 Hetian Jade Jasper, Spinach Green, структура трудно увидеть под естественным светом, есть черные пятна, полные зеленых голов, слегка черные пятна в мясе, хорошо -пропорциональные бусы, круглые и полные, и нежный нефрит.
---
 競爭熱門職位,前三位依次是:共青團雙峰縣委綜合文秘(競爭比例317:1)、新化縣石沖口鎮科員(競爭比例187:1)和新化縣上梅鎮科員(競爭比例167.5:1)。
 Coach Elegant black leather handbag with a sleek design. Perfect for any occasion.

## TASK ITEM
Everything from the line with "競爭熱門職位,前三位依次是:共青團雙峰縣" through the line with "Coach Elegant black" should be written out exactly as it appears above, end lines included, and nothing outside that range.

## ANSWER FOR THE TASK
 競爭熱門職位,前三位依次是:共青團雙峰縣委綜合文秘(競爭比例317:1)、新化縣石沖口鎮科員(競爭比例187:1)和新化縣上梅鎮科員(競爭比例167.5:1)。
 Coach Elegant black leather handbag with a sleek design. Perfect for any occasion.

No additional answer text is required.